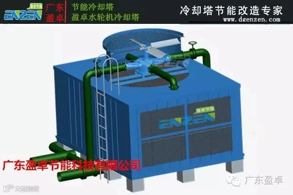 冷却塔节能技改技术的核心是水轮机取代冷却塔原来电机、减速器、传动轴等部件,把系统中被浪费的多余的动能转化为机械能,直接带动风扇转动。对能被改造的冷却塔而言实现100%的节能。
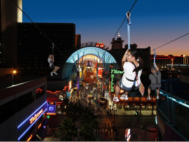 La Voodoo Zipline de l'hôtel Rio Cette tyrolienne relie les toits des deux bâtiments de l'hôtel Rio. Elle part du 50ème étage de la tour Masquerade et arrive au 20ème étage de la tour Ipanema. Le siège dans lequel deux personnes peuvent prendre place atteindra les 55 km/h. Cette attraction doit ouvrir au printemps 2014 et pourra s'effectuer de jour comme de nuit, à un tarif variable selon l'horaire. Pour en savoir plus : http://www.voodoozipline.com (en anglais). Cliquer sur l'image pour l'agrandir. |
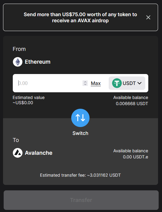 Step 2: Bridge your USDT. We’re going to use the official Avalanche Bridge since it provides an initial AVAX airdrop for gas fees, but there are many other options - Anyswap, Celer, Synapse etc.
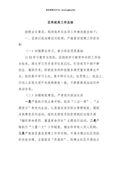 / 【七哥公文】2024年:区科技局工作总结+更多免费公文+VX:QiGeGongWen2024
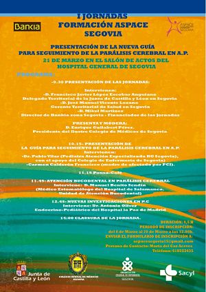 Se ha celebrado el día 21 de marzo en el Hospital General de Segovia, la I Jornadas Formación ASPACE Segovia, que ha servido para la presentación de la nueva Guía para el seguimiento de la Parálisis Cerebral en Atención Primaria, siendo autores la Junta de Castilla y León ( Gerencia Regional de Salud, Gerencia de Servicios Sociales) y la Federación ASPACE de Castilla y León.
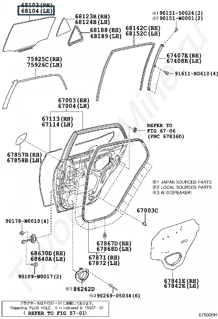 68104-02200, Стекло задней двери левое
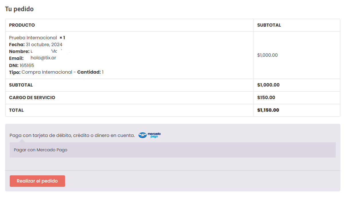 Si elije MercadoPago será dirigido a otra pantalla en donde verá los datos del pedido y al hacer click en “Realizar el pedido” será dirigido a MercadoPago para completar la transacción.
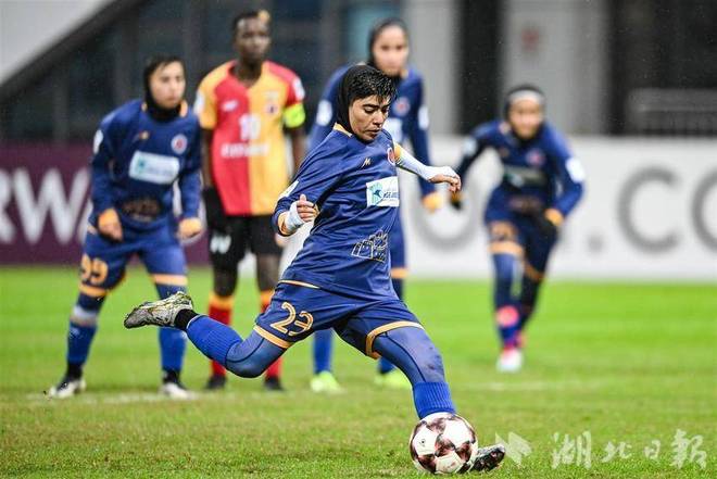 11月17日下午,巴姆卡通女足(伊朗)隊員哈穆迪在比賽中罰射點球。(湖北日報全媒記者任勇攝)
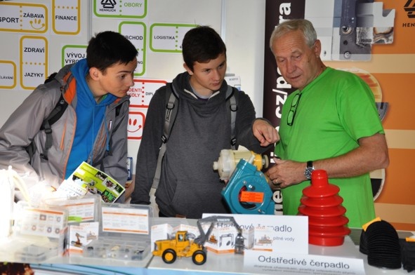 zdroj: Filip Horký a Petr Preiss, deváťáci z Lovosic, si se zájmem vyslechli u stánku firmy Hennlich informace o tepelných čerpadlech, které jim zajímavým způsobem podal zástupce firmy Jan Valníček.
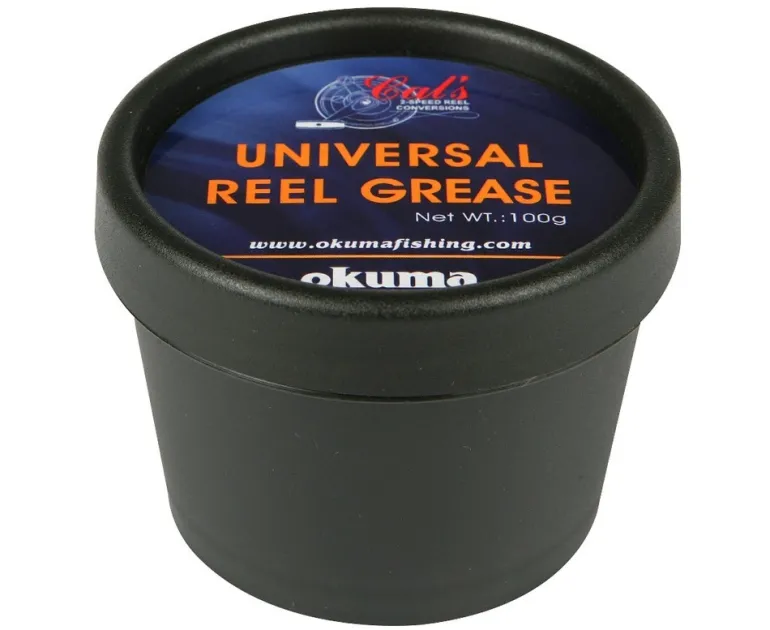 Okuma Cal’s Reel Grease 100g tub, ideal for commercial use and anglers frequently servicing multiple reels.
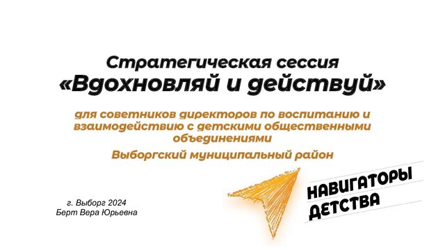 молодёжи) Время Мероприятие Спикеры/Ответственные 10.00-10.30 Регистрация участников 10.30-11.00 Открытие стратегической сессии «Вдохновляй и действуй» Анненкова Е.В., советник директора по воспитанию и взаимодействию с детскими общественными объединениями Берт В.Ю., муниципальный координатор проекта «Навигаторы детства» 11.05 – 13.05 Круглый стол «Движение Первых и Навигаторы детства – единство в подходах реализации Новой философии воспитания» Павлов Илья Андреевич, заместитель председателя регионального отделения «Движения Первых» Берт В.Ю. Муниципальный координатор проекта «Навигаторы детства» 14.00 – 15.30 Мастер-класс «Посты и инфографика: искусство эффектного контента» Шилина Мария Сергеевна, специалист по медиасопровождению проекта «Навигаторы детства» в Ленинградской области 15.30 – 16.00 Обратная связь Все участники 16.00 – 17.00 Практическое занятие «Звуковые медитации» Самарина Анастасия, основатель и руководитель студии йоги и фитнеса, преподаватель хадха-йоги и кундалини-йоги
________________
#### [Problem details]
Set down the entries exactly as they appear, with every picture left out.

#### [Solution]
 冷却塔节能技改技术的核心是水轮机取代冷却塔原来电机、减速器、传动轴等部件,把系统中被浪费的多余的动能转化为机械能,直接带动风扇转动。对能被改造的冷却塔而言实现100%的节能。
 La Voodoo Zipline de l'hôtel Rio Cette tyrolienne relie les toits des deux bâtiments de l'hôtel Rio. Elle part du 50ème étage de la tour Masquerade et arrive au 20ème étage de la tour Ipanema. Le siège dans lequel deux personnes peuvent prendre place atteindra les 55 km/h. Cette attraction doit ouvrir au printemps 2014 et pourra s'effectuer de jour comme de nuit, à un tarif variable selon l'horaire. Pour en savoir plus : http://www.voodoozipline.com (en anglais). Cliquer sur l'image pour l'agrandir. |
 Step 2: Bridge your USDT. We’re going to use the official Avalanche Bridge since it provides an initial AVAX airdrop for gas fees, but there are many other options - Anyswap, Celer, Synapse etc.
 / 【七哥公文】2024年:区科技局工作总结+更多免费公文+VX:QiGeGongWen2024
 Se ha celebrado el día 21 de marzo en el Hospital General de Segovia, la I Jornadas Formación ASPACE Segovia, que ha servido para la presentación de la nueva Guía para el seguimiento de la Parálisis Cerebral en Atención Primaria, siendo autores la Junta de Castilla y León ( Gerencia Regional de Salud, Gerencia de Servicios Sociales) y la Federación ASPACE de Castilla y León.
 68104-02200, Стекло задней двери левое
 Si elije MercadoPago será dirigido a otra pantalla en donde verá los datos del pedido y al hacer click en “Realizar el pedido” será dirigido a MercadoPago para completar la transacción.
 11月17日下午,巴姆卡通女足(伊朗)隊員哈穆迪在比賽中罰射點球。(湖北日報全媒記者任勇攝)
 zdroj: Filip Horký a Petr Preiss, deváťáci z Lovosic, si se zájmem vyslechli u stánku firmy Hennlich informace o tepelných čerpadlech, které jim zajímavým způsobem podal zástupce firmy Jan Valníček.
 Okuma Cal’s Reel Grease 100g tub, ideal for commercial use and anglers frequently servicing multiple reels.
 молодёжи) Время Мероприятие Спикеры/Ответственные 10.00-10.30 Регистрация участников 10.30-11.00 Открытие стратегической сессии «Вдохновляй и действуй» Анненкова Е.В., советник директора по воспитанию и взаимодействию с детскими общественными объединениями Берт В.Ю., муниципальный координатор проекта «Навигаторы детства» 11.05 – 13.05 Круглый стол «Движение Первых и Навигаторы детства – единство в подходах реализации Новой философии воспитания» Павлов Илья Андреевич, заместитель председателя регионального отделения «Движения Первых» Берт В.Ю. Муниципальный координатор проекта «Навигаторы детства» 14.00 – 15.30 Мастер-класс «Посты и инфографика: искусство эффектного контента» Шилина Мария Сергеевна, специалист по медиасопровождению проекта «Навигаторы детства» в Ленинградской области 15.30 – 16.00 Обратная связь Все участники 16.00 – 17.00 Практическое занятие «Звуковые медитации» Самарина Анастасия, основатель и руководитель студии йоги и фитнеса, преподаватель хадха-йоги и кундалини-йоги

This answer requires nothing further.